**YOUR GOAL:** The expected answer is a verbatim transcription of the lines below, beginning with the first and ending with the line that holds "UPPCO 37B2 Evaporator", without pictures.

**INPUT:**
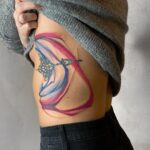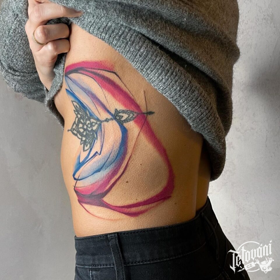 Abstraktní tetování, čáry, symboly na bok žeber
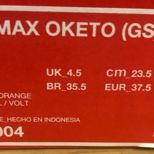 New Boys Nike Air Max Oketo 5Y (GS). They are Black/Volt -Total Orange
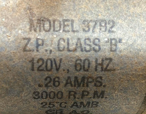 UPPCO 37B2 Evaporator Fan Motor Assembly 120V 60HZ 0.26A 3000RPM 25°C Ambient
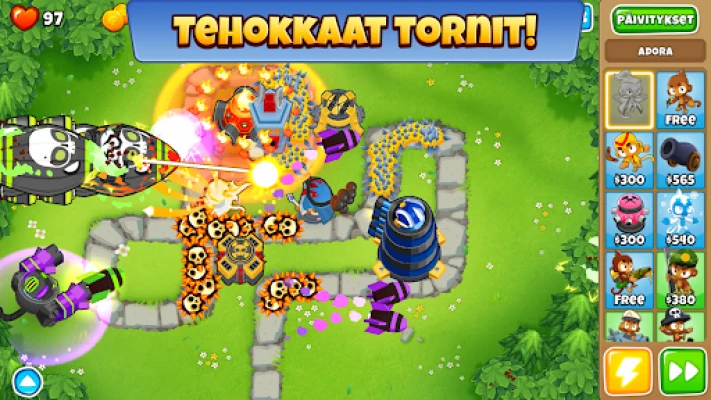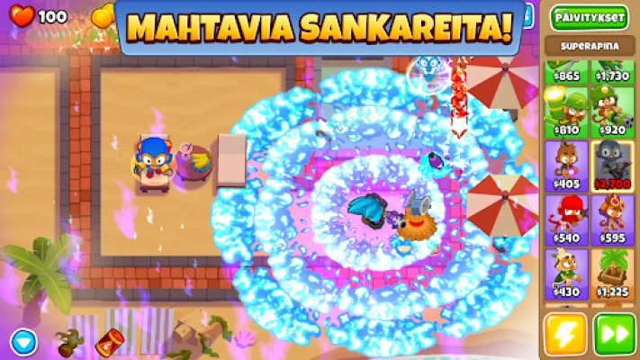 Suunnittele nerokas puolustus yhdistämällä tehokkaita apinatorneja ja mahtavia sankareita pysäyttämään kaikki hyökkäävät bloonit. Tässä strategisessa tornipuolustuspelissä kehität taktiikoitasi jatkuvasti ja kohtaat uusia haasteita varmistaen jokaisen voiton. Valmistaudu eeppisiin taisteluihin!
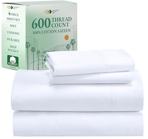 California Design Den’s 600-thread count sheets are crafted from 100% pure cotton. The sateen weave adds a silky and smooth texture but remains breathable and moisture-wicking to keep you cool.
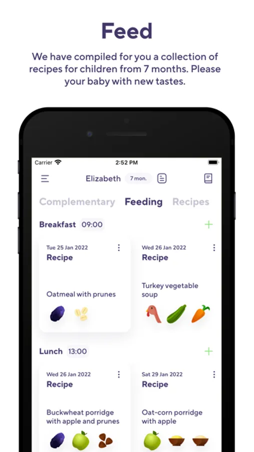 * Generate a checked list of products for your baby and build menus from them for your meals. Already introduced products for breakfast will be available to form the lunch menu. Be calm about your baby's reaction to lunch, because he will receive only proven products.
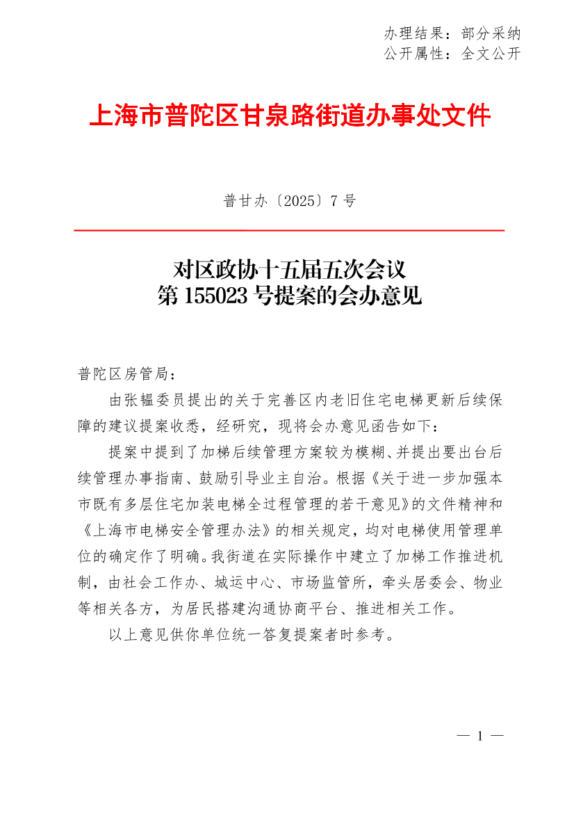 由张韫委员提出的关于完善区内老旧住宅电梯更新后续保障的建议提案收悉,经研究,现将会办意见函告如下:
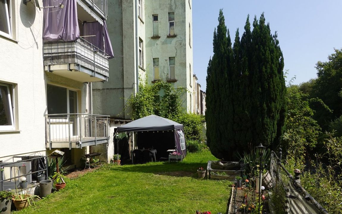 Außenanlagen: Rückseitiger Gemeinschaftsgarten mit Südausrichtung und Blick auf die Ennepe
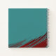 Modern notebook features a minimal artistic design in a complimentary turquoise and red colour palette. Personalized name and sketchbook with volume number presented right justified, framed by a minimalistic artistic swoosh design.
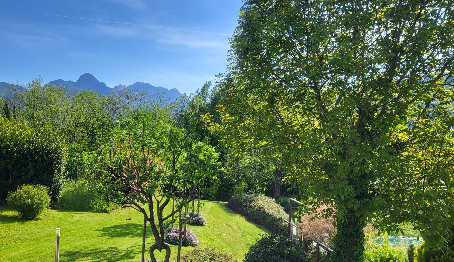 Despite being a new renovation, the gardens have a feeling of maturity, with many mature trees, shrubs, flowers and even rockery areas, designed in such a manner so as not to detract from the amazing views of the mountains (including the famous uomo morto) beyond.
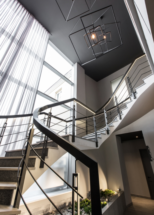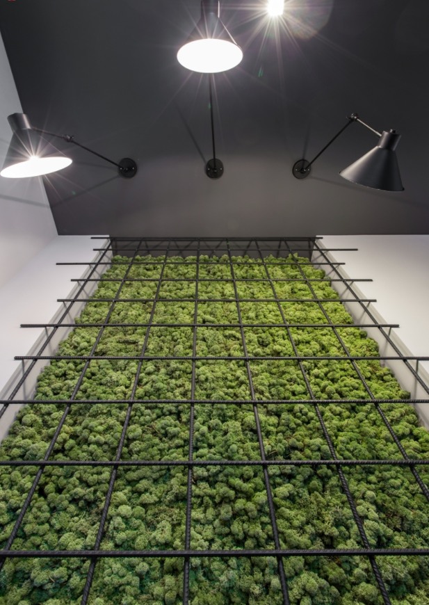 Modernaus ir šiuolaikiško interjero atidengtos plytų sienos byloja apie pastato istoriją. Interjeras sujungia kontrastuojančias medžiagas . Betonas, armatūra, metalas puikiai dera su natūraliu medžiu, minkštais audiniais (veltiniu) ir natūralia žaluma.
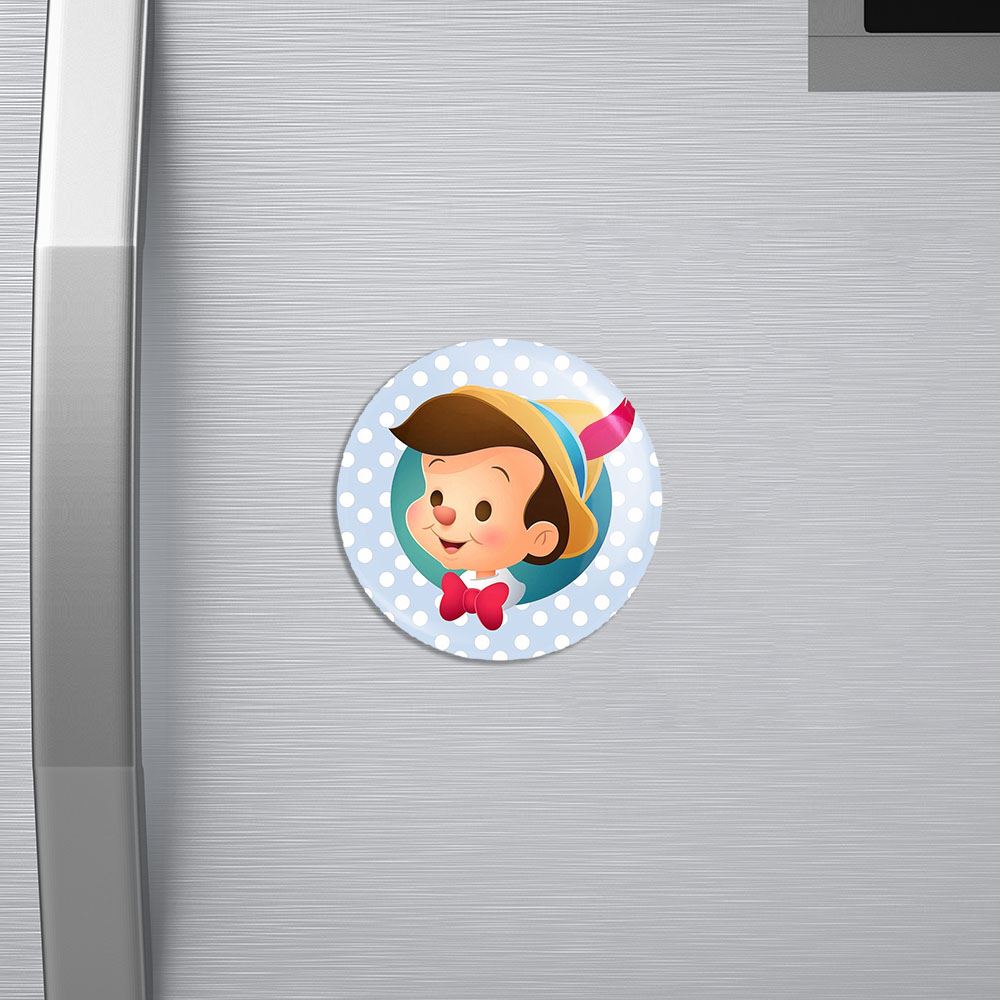 مگنت پینوکیو Pinocchio خندالو با روکش سلفون مات مخملی ضدخش و قطعه پشتی فلزی تولید شده است که آهنربای اتمی بکار برده شده در محصول، بصورت مخفی تعبیه شده ودیده نمی شود. ضمن اینکه گیرایی بسیار بالایی داشته و به هیچ عنوان از روی یخچال نمی افتد.
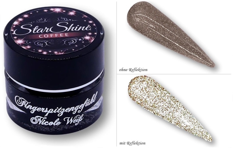Die StarShine Reflection-Gele sollten für einen einwandfreien Reflektions-Effekt zweimal dünn aufgetragen werden (nach der ersten Schicht 20 Sekunden aushärten, nach der zweiten Schicht 60 Sekunden aushärten). Die Gele sind hochdeckend (bei entsprechend vorbereitetem Untergrund) und bestechen durch ihren wunderschönen, funkelnden Reflection-Effekt bei entsprechendem Lichteinfall (wie z. B. Blitzlicht, Disco-Licht, LED-Licht bei Dunkelheit etc.)
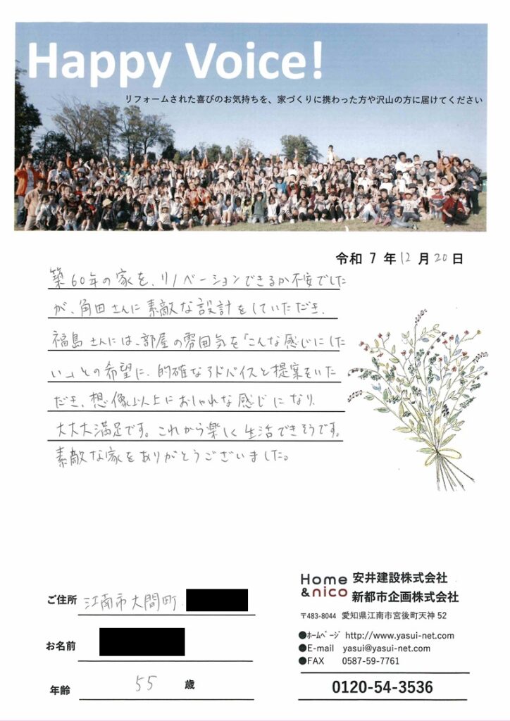 築60年の家を、リノベーションできるか不安でしたが、角田さんに素敵な設計をしていただき、福島さんには部屋の雰囲気を「こんな感じにしたい」との希望に、的確なアドバイスと提案をいただき、想像以上におしゃれな感じになり、大大大満足です。これから楽しく生活できそうです。素敵な家をありがとうございました。
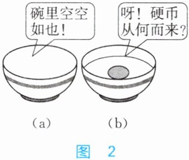 4. 小凯学习完光现象相关内容之后,兴致勃勃地回家给妹妹表演了一个小魔术。他先让妹妹站定,在她面前摆一只“空碗”,如图2(a)所示,然后缓慢地往碗里倒水,成功地给妹妹“变”出了一枚硬币,如图2(b)所示。该魔术的成功是利用了(

**EXPECTED OUTPUT:**
 Abstraktní tetování, čáry, symboly na bok žeber
 New Boys Nike Air Max Oketo 5Y (GS). They are Black/Volt -Total Orange
 UPPCO 37B2 Evaporator Fan Motor Assembly 120V 60HZ 0.26A 3000RPM 25°C Ambient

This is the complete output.